Everything from the line with "- 本震発生後直ちに,道路防" to the last line of the listing must be retyped exactly, both ends included, with the pictures dropped.

§ Input data
▬▬▬▬▬▬

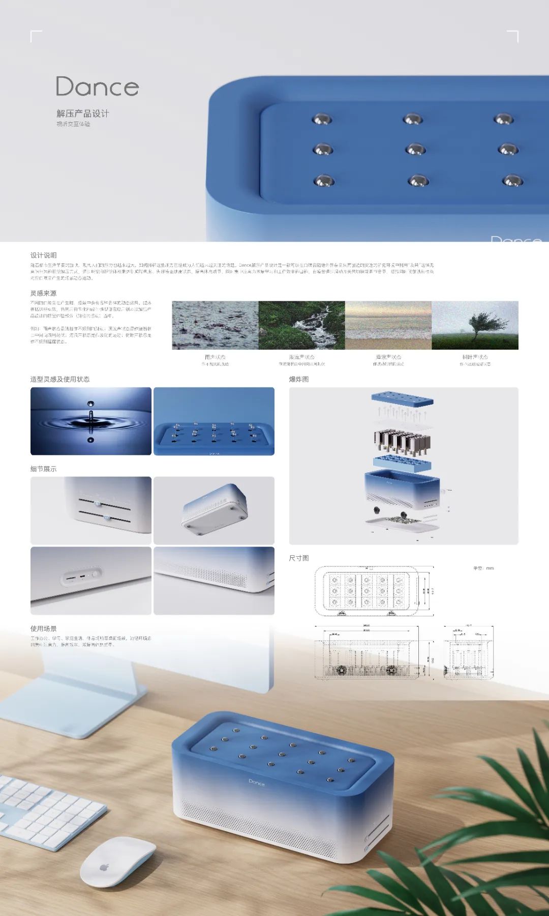 随着生活节奏的加快,现代人们的压力也越来越大,如何排解这些压力已经成为人们越来越关注的话题?!癉ance”通过给人的视听体验,缓解身心压力,减轻焦虑、失眠等亚健康状态,提高休息质量,同时使人们集中注意力恢复学习和工作效率。为解压产品提出了创新的解压使用方式和概念。
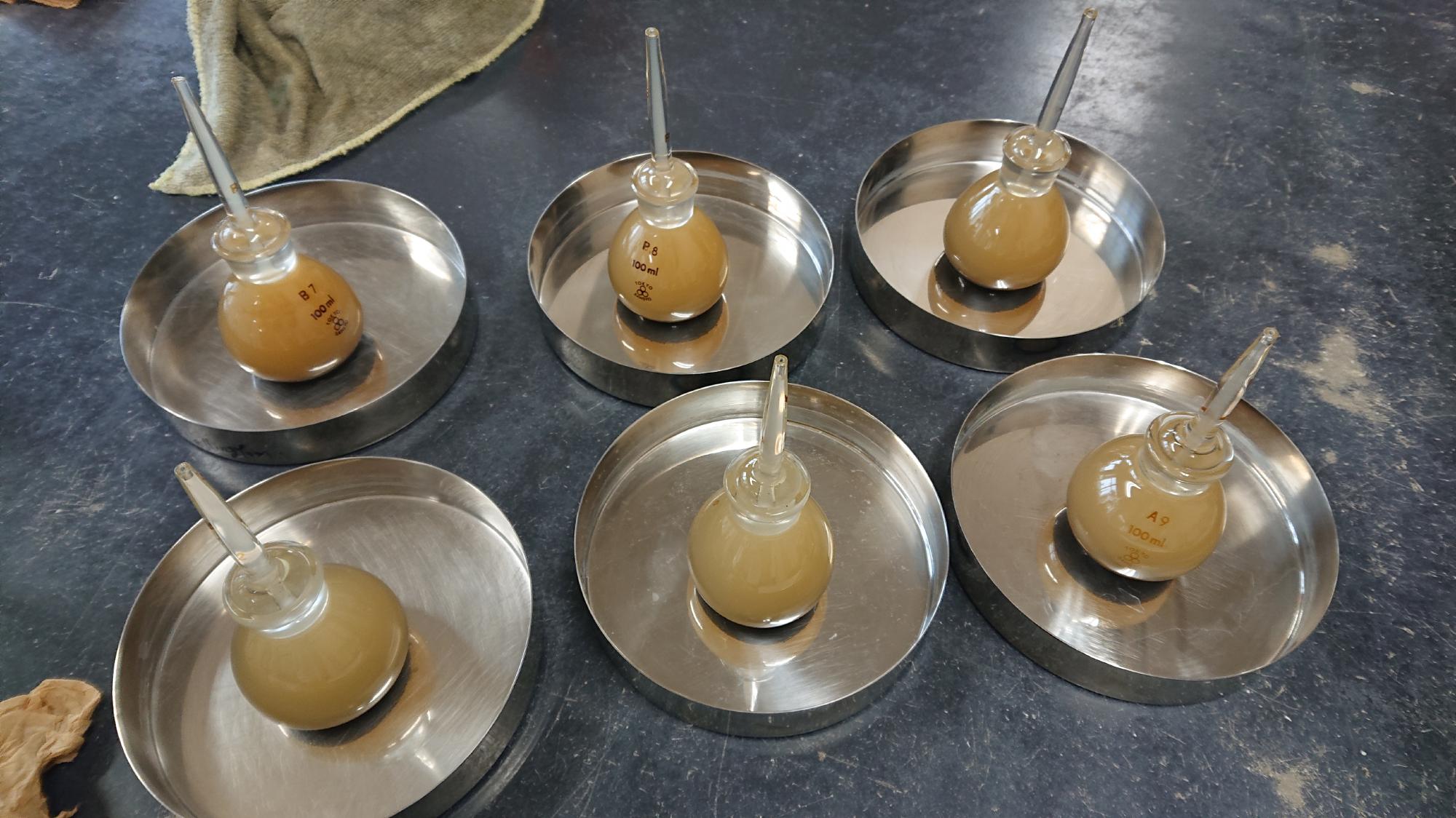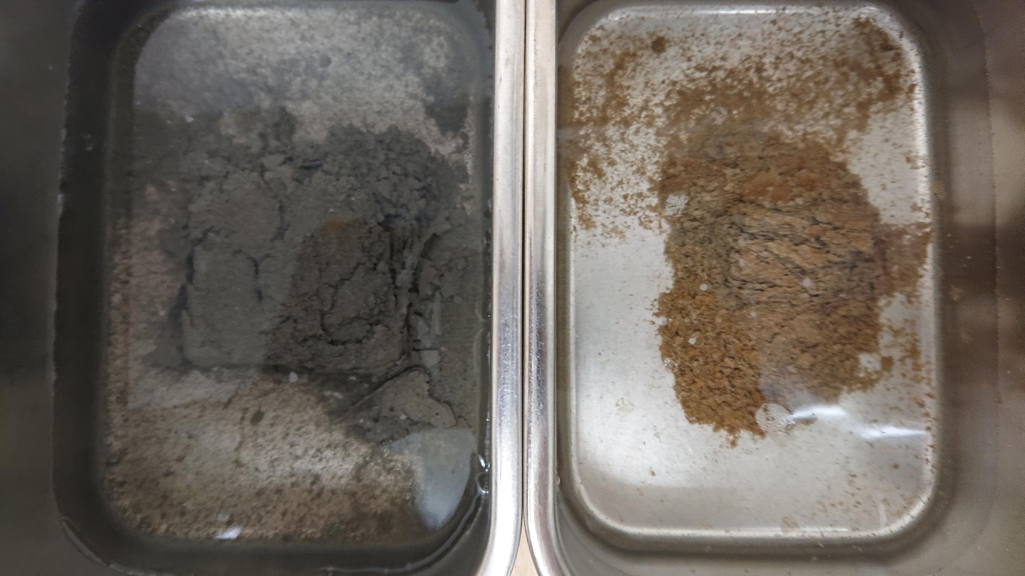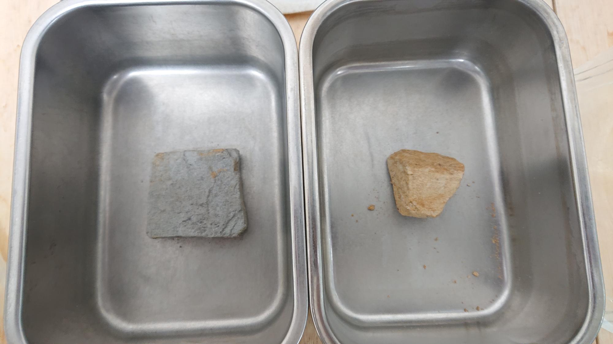 - 本震発生後直ちに,道路防災ドクターを務める豊田教授が北陸地方整備局の要請を受けて国道8号線上越市茶屋ヶ原地先の斜面崩壊現場に行きました.そこで,シルト岩と思われる崩落土砂を2つ採取し,室内において粒度・密度試験,スレーキング試験を行いました.定量的な評価は,ここでは避けますが,水浸後の供試体が写真のようにすぐさま崩壊したことを考えると,非常に脆弱な地盤で構成された斜面だったことが推測されます.
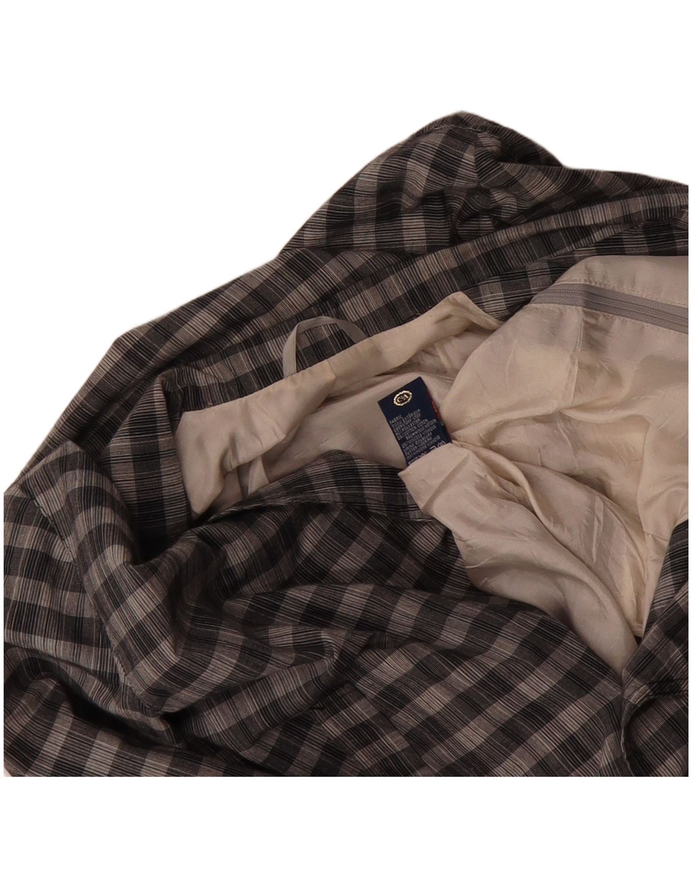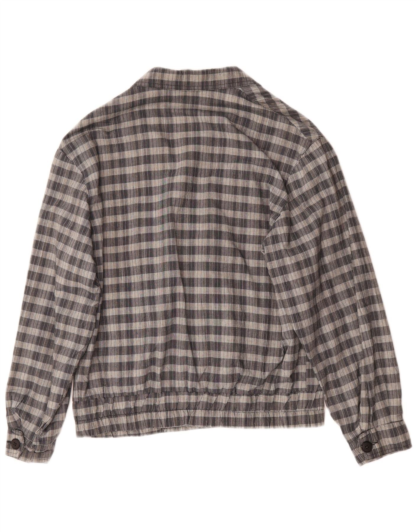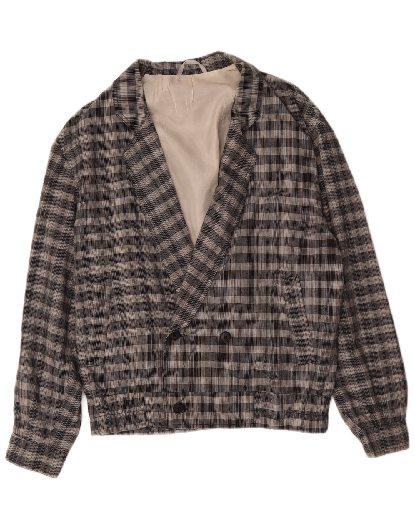 C&A Mens Double Breasted Bomber Jacket UK 40 Large Grey Check Polyester

▬▬▬▬▬▬

§ Exercise response
 - 本震発生後直ちに,道路防災ドクターを務める豊田教授が北陸地方整備局の要請を受けて国道8号線上越市茶屋ヶ原地先の斜面崩壊現場に行きました.そこで,シルト岩と思われる崩落土砂を2つ採取し,室内において粒度・密度試験,スレーキング試験を行いました.定量的な評価は,ここでは避けますが,水浸後の供試体が写真のようにすぐさま崩壊したことを考えると,非常に脆弱な地盤で構成された斜面だったことが推測されます.
 C&A Mens Double Breasted Bomber Jacket UK 40 Large Grey Check Polyester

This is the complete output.